What you have to do
State how many lines in the entries below contain "Görsel". Write nothing but the number.

Extracted information
------------
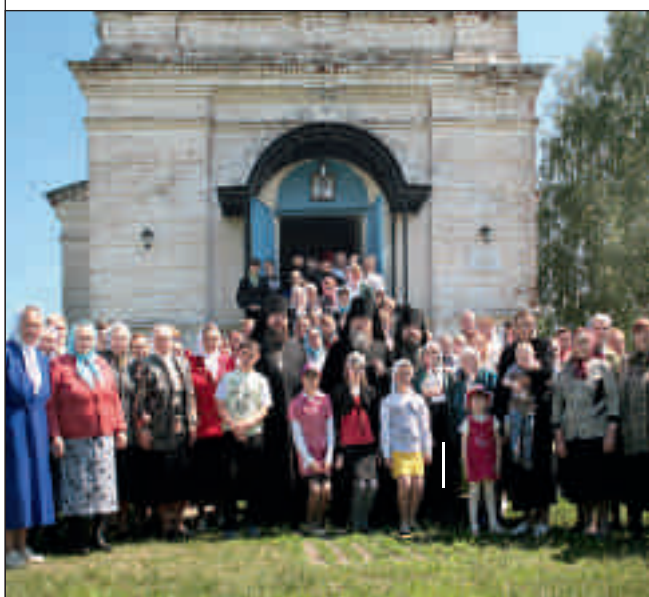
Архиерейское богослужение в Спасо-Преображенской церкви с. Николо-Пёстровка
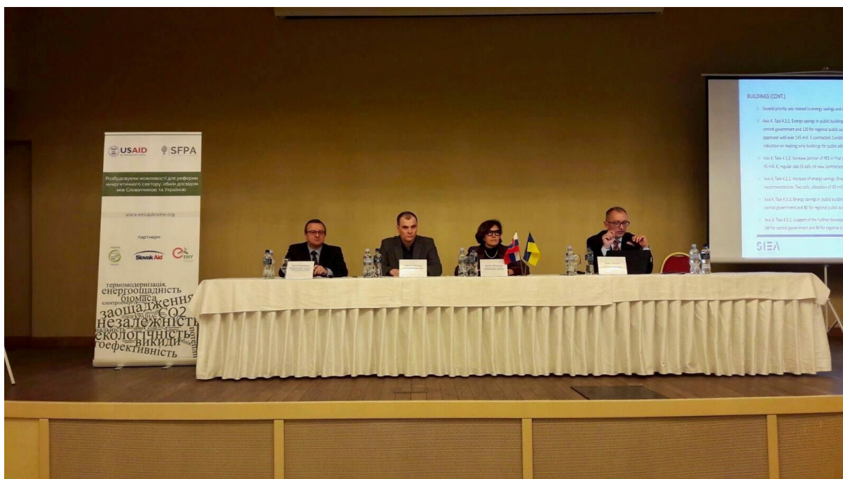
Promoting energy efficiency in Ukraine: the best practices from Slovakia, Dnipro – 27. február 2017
------------
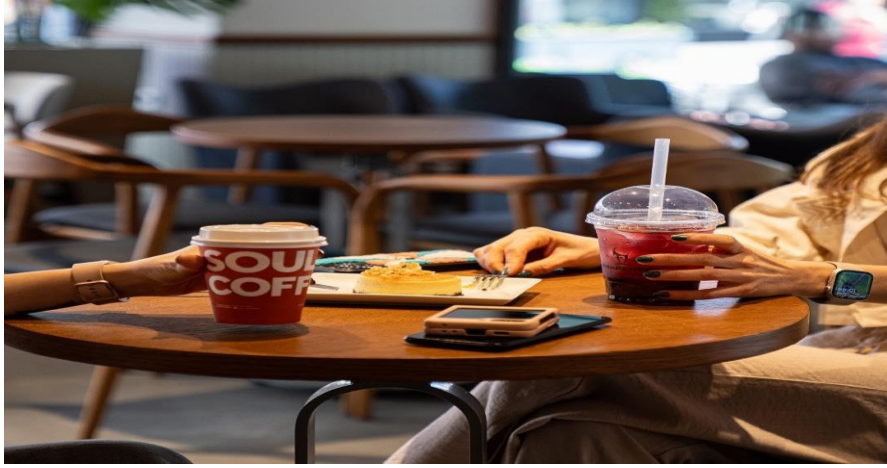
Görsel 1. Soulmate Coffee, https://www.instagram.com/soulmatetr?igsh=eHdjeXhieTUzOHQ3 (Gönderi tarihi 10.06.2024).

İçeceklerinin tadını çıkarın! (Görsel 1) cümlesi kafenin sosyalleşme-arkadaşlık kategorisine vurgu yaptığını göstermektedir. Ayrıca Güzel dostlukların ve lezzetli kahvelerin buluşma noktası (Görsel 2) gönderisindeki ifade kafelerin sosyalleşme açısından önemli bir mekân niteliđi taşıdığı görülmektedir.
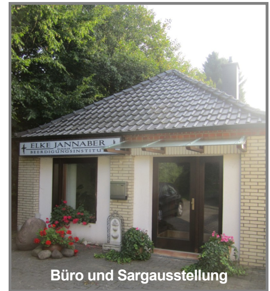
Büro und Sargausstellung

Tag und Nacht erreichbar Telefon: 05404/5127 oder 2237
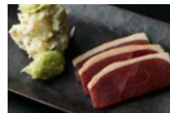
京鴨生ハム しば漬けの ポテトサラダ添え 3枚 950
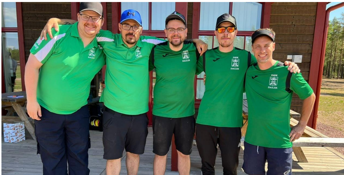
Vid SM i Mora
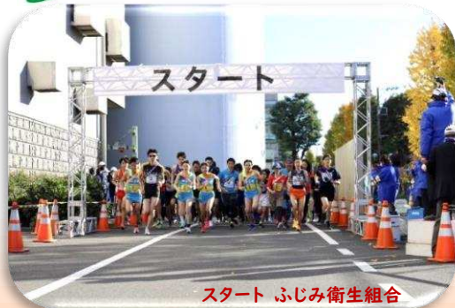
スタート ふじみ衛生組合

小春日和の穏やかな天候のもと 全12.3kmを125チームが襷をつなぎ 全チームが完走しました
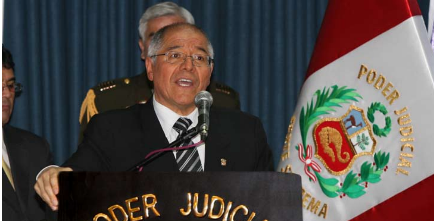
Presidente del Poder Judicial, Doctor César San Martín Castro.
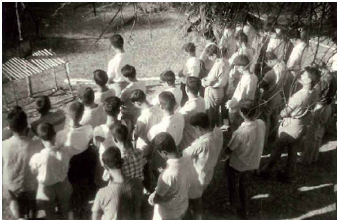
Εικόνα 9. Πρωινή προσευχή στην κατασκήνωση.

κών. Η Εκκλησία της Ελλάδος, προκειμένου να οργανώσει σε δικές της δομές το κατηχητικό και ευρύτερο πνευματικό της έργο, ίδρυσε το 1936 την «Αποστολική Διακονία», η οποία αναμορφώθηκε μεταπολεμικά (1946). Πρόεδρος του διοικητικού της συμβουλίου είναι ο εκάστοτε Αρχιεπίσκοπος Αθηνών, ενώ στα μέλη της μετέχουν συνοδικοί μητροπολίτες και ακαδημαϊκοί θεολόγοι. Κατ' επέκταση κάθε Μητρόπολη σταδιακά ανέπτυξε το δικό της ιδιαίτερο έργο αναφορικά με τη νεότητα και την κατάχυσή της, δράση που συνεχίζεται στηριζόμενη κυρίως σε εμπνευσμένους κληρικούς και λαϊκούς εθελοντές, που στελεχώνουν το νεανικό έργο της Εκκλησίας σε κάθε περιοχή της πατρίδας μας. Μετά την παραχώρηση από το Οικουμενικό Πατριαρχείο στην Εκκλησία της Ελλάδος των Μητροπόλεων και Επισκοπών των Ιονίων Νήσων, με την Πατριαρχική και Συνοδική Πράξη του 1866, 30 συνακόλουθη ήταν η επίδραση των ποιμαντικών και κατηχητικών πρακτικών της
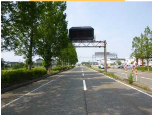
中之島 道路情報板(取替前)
------------
Answer to this problem
2